Based on your description, I think it could potentially be a lot of things. Since I don’t know you and I’m not your mental health provider, I can’t give you an accurate idea of what is most likely going on. I really do recommend that you see someone you trust in your area. Given your question, I would recommend getting a diagnostic assessment from a clinical psychologist- you can explain your concerns and ask for recommendations. Once they do the assessment, they will be able to tailor their recommendations based on what they understand about you in particular, so the recommendations are most likely to be beneficial for you. I hope that’s helpful!

cognitivedefusion asked:

I'm curious: do you know how common it is for the onset of pretty severe psychosis (intense hallucinations/delusions) to NOT be preceded by any detectable prodromal phase at all? In fact, not just a lack of a prodromal phase, but actually above-average social/cognitive/emotional functioning. This being a rather acute onset in, say, the early 20s.

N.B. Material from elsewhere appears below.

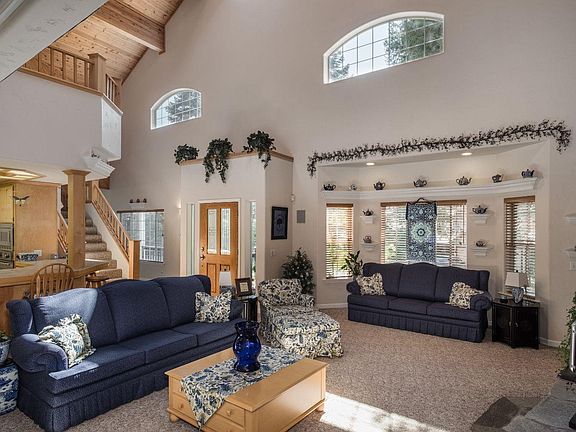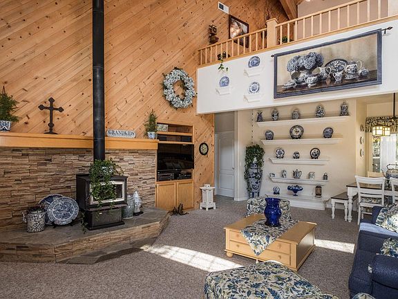 Utterly captivating split-level cabin in Ockenden Ranch nestled on easily accessible lot. This home greets you w/ soaring wood ceilings, open floor plan & natural light spilling in from all directions. Kitchen has a huge walk in pantry w/ expansive counter tops/ breakfast bar which open to living areas & perfect for family & friends. Main Floor: master bdr is huge & opens to a beautiful master bth w/ designer tiles, soaking tub & expansive windows. The 2nd bdr is adjacent to the laundry rm on opposite side of house from master. The bonus rm contains floor to ceiling cabinets & could be used as office or additional bdr. Upper split-level: stairs opens to enormous entertainment area w/pool table. Adjacent is a cozy loft style bdr w/ sinker wood flooring. Dream garage has built-in cabinets, T.V. & wood stove. Garage stairway leads to enormous attic which is partly renovated. Outdoor porches & patio showcase this beautiful retreat. Bed count is different than tax records, BTV if important.
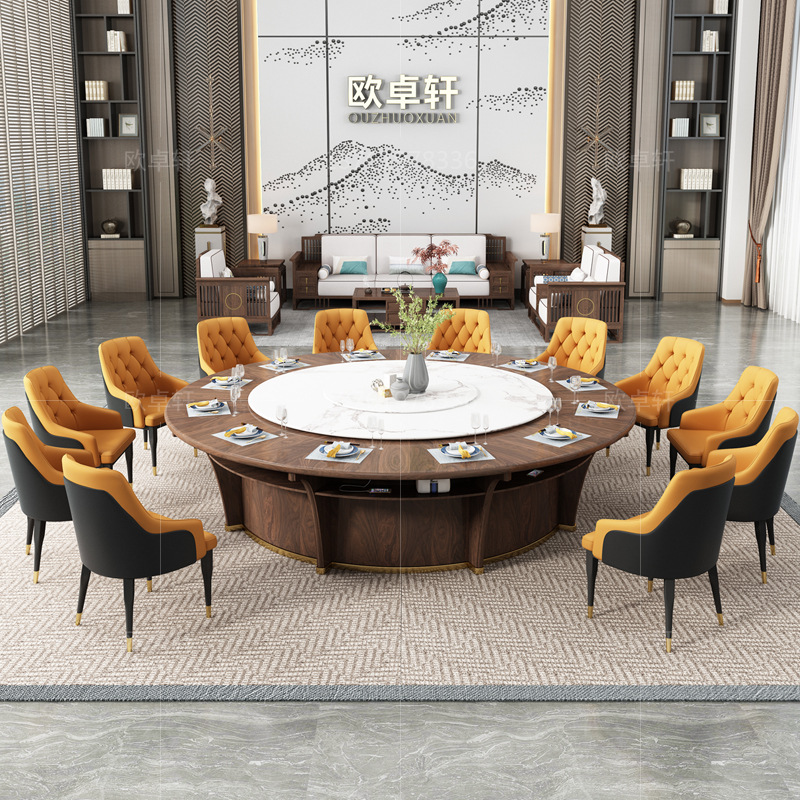 Bàn ăn xoay tự động khách sạn Bàn tròn lớn Bàn tròn Trung Quốc mới có bàn xoay nhà hàng 12 người Bàn tiệc 20 người

Take a look at this study, for example. Exactly 0 of the healthy controls ever became psychotic. That study and others have found that the prodromal phase and other overlapping constructs (like schizotypy) do a really good job of identifying risk of a psychotic episode. A person who truly was high functioning in all the domains and then became psychotic is extraordinarily rare. In those cases, my guess would be that it was caused by an external stressor- probably substances or a medical condition.